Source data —
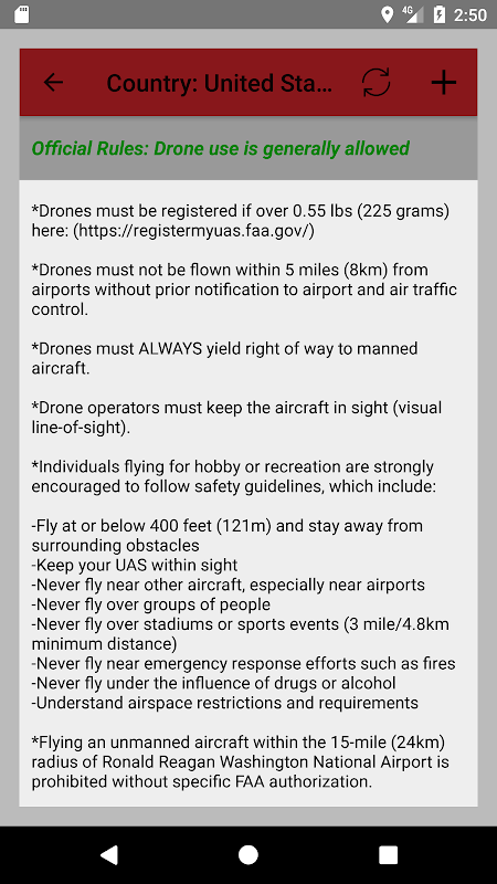 ** Get automatic notifications when you arrive in a new country, state, or other area where specific drone rules apply so you're never in the dark about what the regulations are where you want to fly!
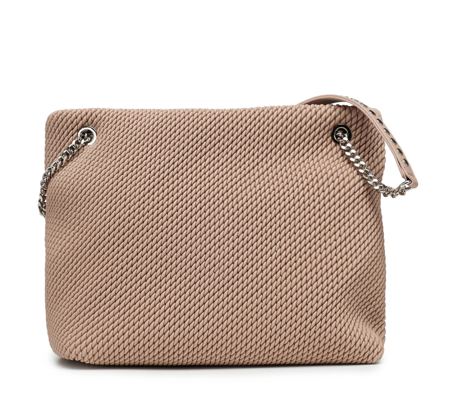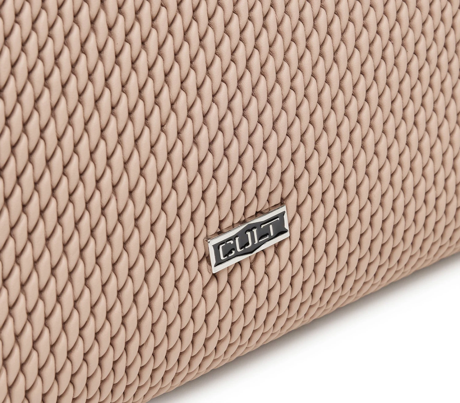 La nuova mini hobo bag SHERYL in ecopelle color sabbia con lavorazione a effetto intrecciato firmata CULT, si distingue sia per la sua linea minimal sia per il suo look elegante e glam-rock allo stesso tempo. I dettagli metallici come il logo lettering del brand e il manico a catena con borchie color silver, aggiungono al design un elemento di stile. Perfetta per chi cerca un accessorio di tendenza, dal gusto contemporaneo. Dimensioni: 32x28x12.
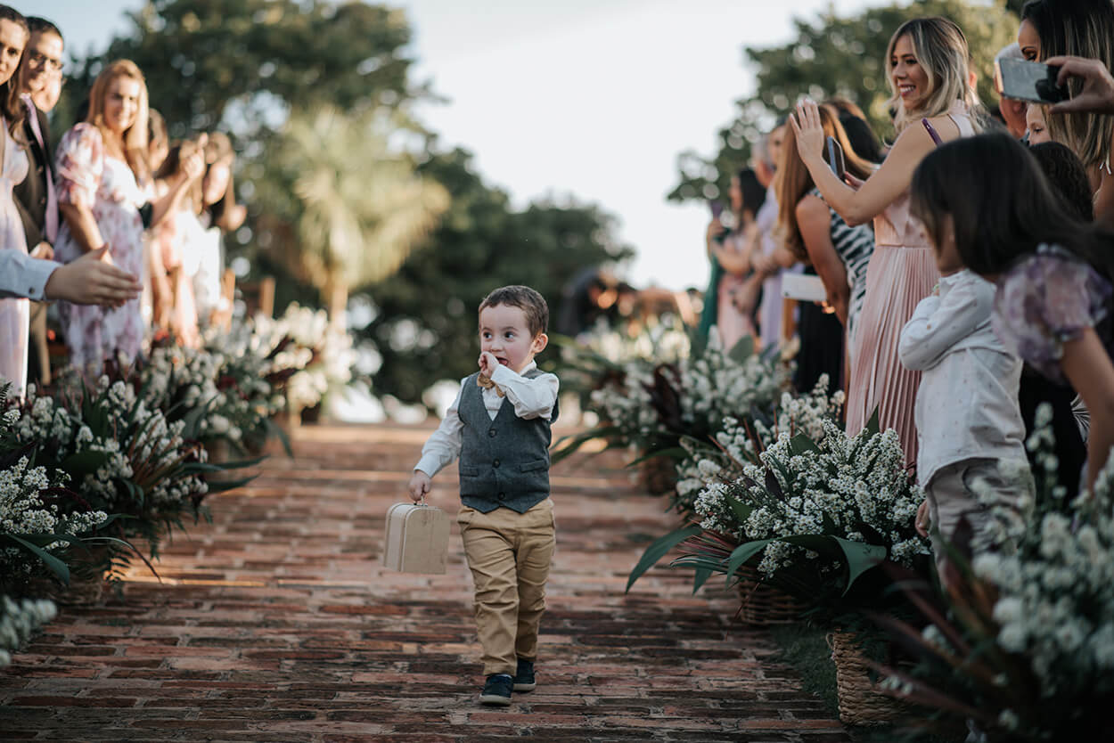 O noivo investiu em um clássico terno preto de três peças para traduzir a sua formalidade. E, nas próximas fotos você poderá perceber que os pais dos noivos e os padrinhos também seguiram esse estilo.
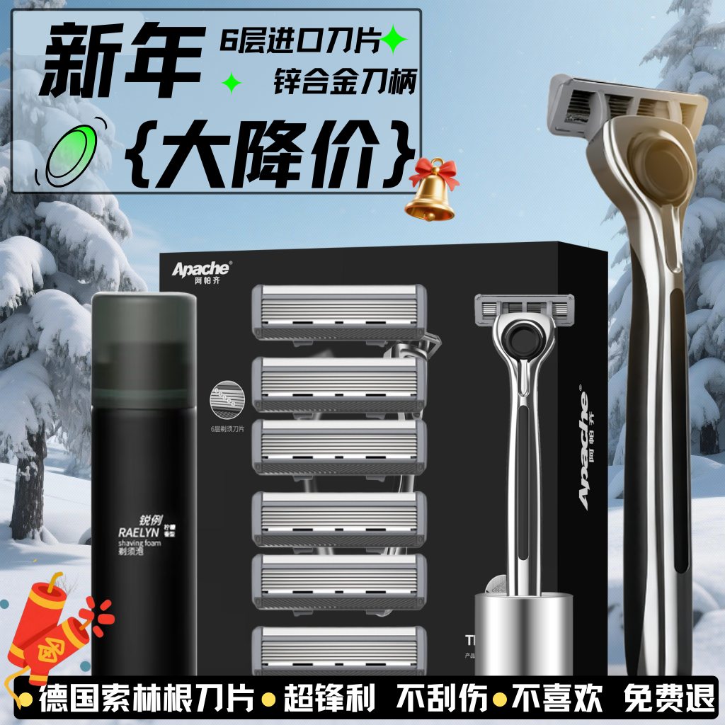 📚 apache/阿帕齐德国进口6层手动剃须刀胡子胡须刀阿帕奇刮脸礼盒装
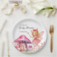 Smiling Fairy and Pink Mushrooms Baby Shower Paper Plate
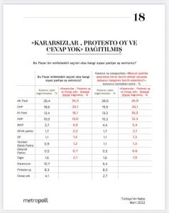 “Kararsızlardaki 12.5 puanlık Cumhur İttifakı kökenli seçmenin tavrı seçimin kaderini belirleyecek. Bunu çok iyi yönetmeleri lazım. Şu ana kadarki çalışmaları iyi götürüyorlar kanımca. Bir şeyler yapmaya çalışıyorlar ama şu ana kadar bildiğimiz kamuoyuna yansıyan çalışmalardan hareketle çok yavaş hareket ettiklerini, bir baskın seçim karşısında arabanın farı karşısındaki tavşana döneceklerini düşünüyorum.
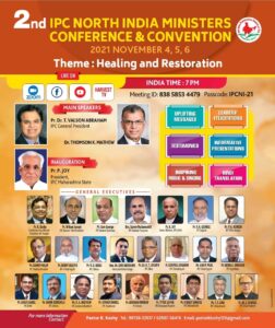ഐ.പി.സി. നോർത്ത് ഇന്ത്യ 2nd മിനിസ്റ്റേഴ്സ് കോൺഫറൻസും കൺവെൻഷൻനും 2021 നവംബർ 4 മുതൽ 6 വരെ.
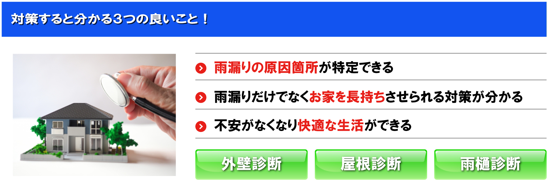 プロが診断することで雨漏りの本当の原因を見つけ、最善の対策を打つことができます。
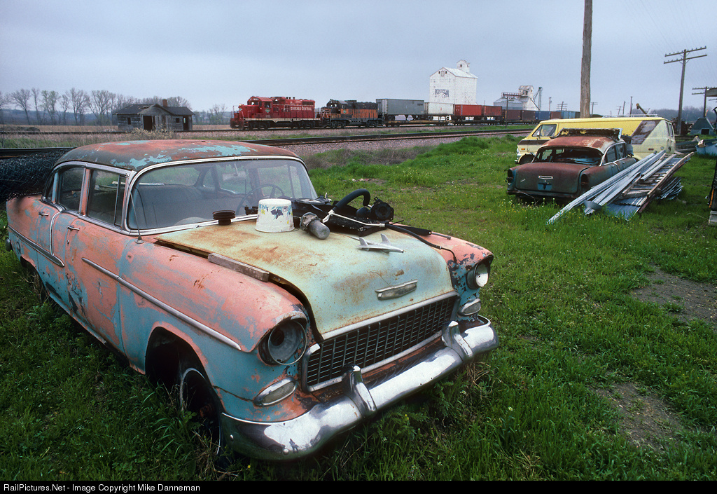 Tattered classics at Dow City Passing through Dow City, Iowa, on May 7, 1995 is a westbound Chicago Central & Pacific freight heading for Council Bluffs. The train is powered by former ICG GP10 No. 1775 and former Milwaukee Road GP20 No. 970, both rebuilt GP9s—and both looking a bit tattered like the the 1955 Chevy—but they’re still running!
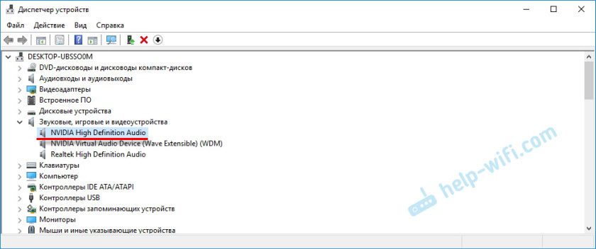 Так же проверьте вкладку “Звуковые, игровые и видеоустройства”. Там может быть адаптер “NVIDIA High Definition Audio”, или AMD. Это уже зависит от установленной видеокарты.
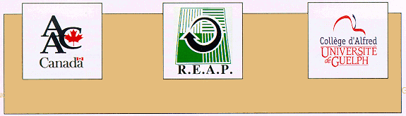 Resource Efficient Agricultural Production (REAP) - Canada C.P. 125, Maison Glenaladale, Sainte-Anne de Bellevue (Oc), H9X 3V9 Téléphone: (514) 398-7743; télécopieur: (514) 398-7972 Courrier électronique: Reap@interlink.net Site internet: http://www.reap.ca/ Collège d'Alfred - Université de Guelph Groupe Recherche et Transfert de technologie 31, rue St-Paul, Alfred (On) KOB 1AO Téléphone: (613) 679-2218, poste 600; Télécopieur: (613) 679-2420 Courrier électronique: PBlais@alfredc.uoguelph.caLa réalisation de ce guide de production a été possible grâce au soutien du programme CanAdapt de l'Ontario, administré par le Conseil de l'Adaptation Agricole (CAA) de l'Ontario: 90 Woodlawn Road West, Guelph (On) NlH lB2, Téléphone: (519) 822-7554; Télécopieur: (519) 766-9775, courrier électronique: canadapt@adaptcouncil.org; Site internet: www.adaptcouncil.org.
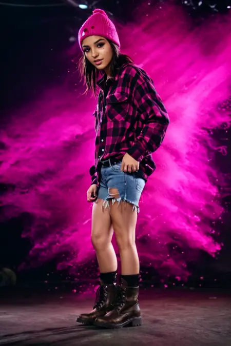 它会生成带有不同颜色的色彩泼溅效果,角色位于画面中央。
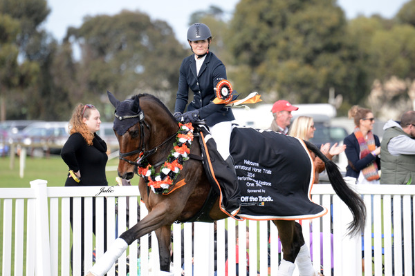 Nina riding LP Boudin to take out the 2014 Melbourne International Horse Trial's Best Performed Retired Race Hose. Picture: Julie Wilson Equestrian Photography.
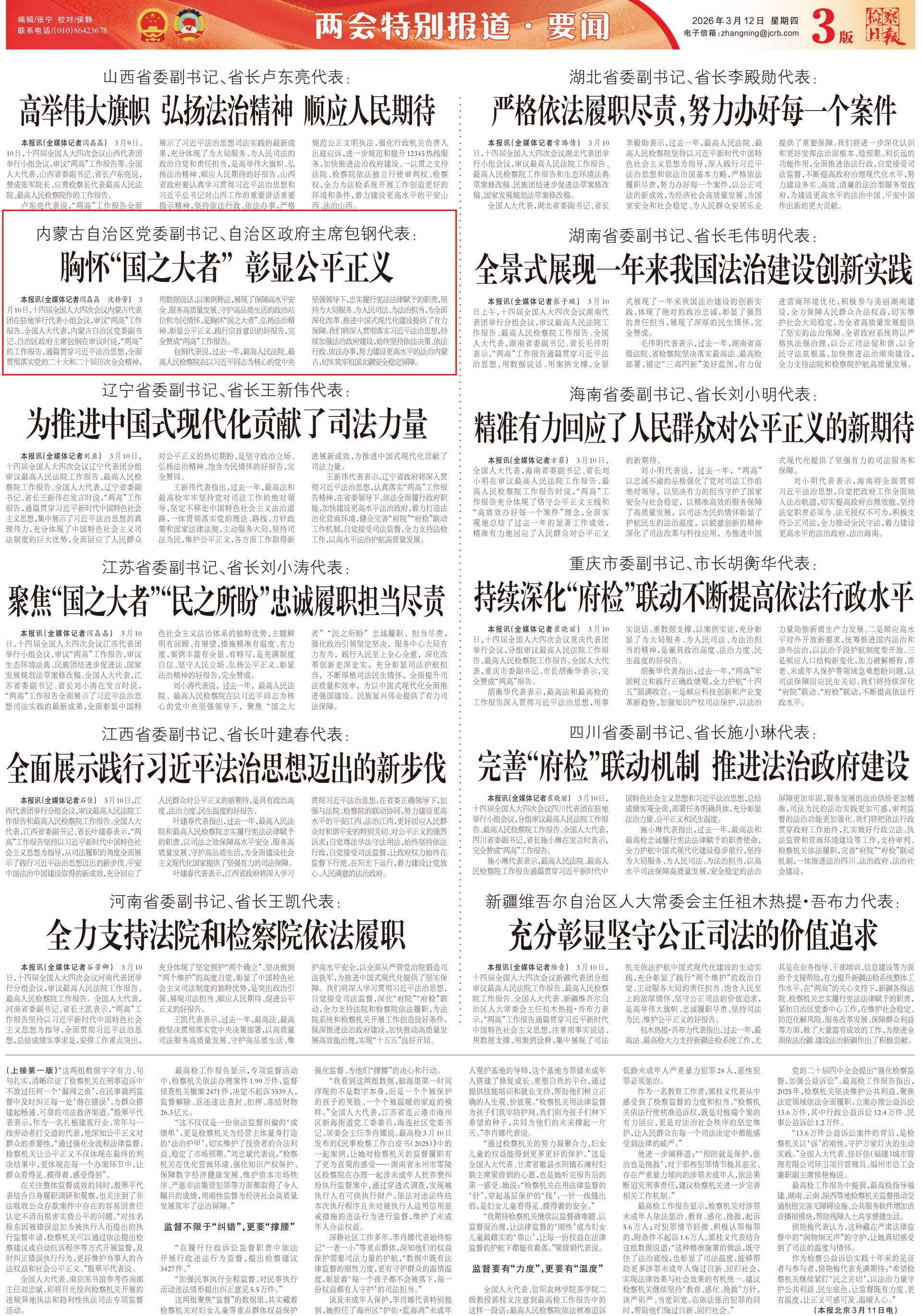2026年3月11日《檢察日報》第3版刊發(fā)了《內(nèi)蒙古自治區(qū)黨委副書記、自治區(qū)政府主席包鋼代表: 胸懷“國之大者” 彰顯公平正義 》的文章,報道了十四屆全國人大四次會議內(nèi)蒙古代表團在駐地舉行代表小組會議,審議“兩高”工作報告。全國人大代表,內(nèi)蒙古自治區(qū)黨委副書記、自治區(qū)政府主席包鋼在審議時說,“兩高”的工作報告,通篇貫穿習近平法治思想,全面貫徹落實黨的二十大和二十屆歷次全會精神,用數(shù)據(jù)說話,以案例釋法,展現(xiàn)了保障高水平安全、服務高質(zhì)量發(fā)展、守護高品質(zhì)生活的政治站位和為民情懷,是胸懷“國之大者”、弘揚法治精神、彰顯公平正義、踐行宗旨意識的好報告,完全贊成“兩高”工作報告。
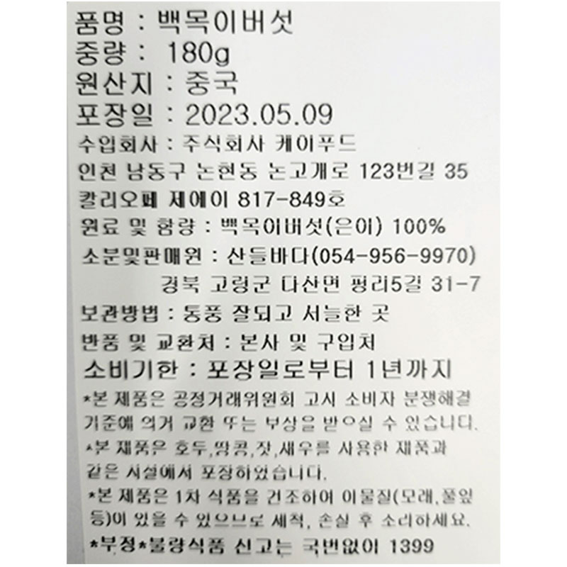 산들 건백목이버섯(180g/EA)/중국산 이미지

Your instructions — Using the entries above, reproduce word for word only the lines from the one that contains "ഐ.പി.സി. നോർത്ത് ഇന്ത്യ" to the one that contains "Tattered classics at", both ends included, and drop every picture.

Result of this task —
ഐ.പി.സി. നോർത്ത് ഇന്ത്യ 2nd മിനിസ്റ്റേഴ്സ് കോൺഫറൻസും കൺവെൻഷൻനും 2021 നവംബർ 4 മുതൽ 6 വരെ.
 プロが診断することで雨漏りの本当の原因を見つけ、最善の対策を打つことができます。
 Tattered classics at Dow City Passing through Dow City, Iowa, on May 7, 1995 is a westbound Chicago Central & Pacific freight heading for Council Bluffs. The train is powered by former ICG GP10 No. 1775 and former Milwaukee Road GP20 No. 970, both rebuilt GP9s—and both looking a bit tattered like the the 1955 Chevy—but they’re still running!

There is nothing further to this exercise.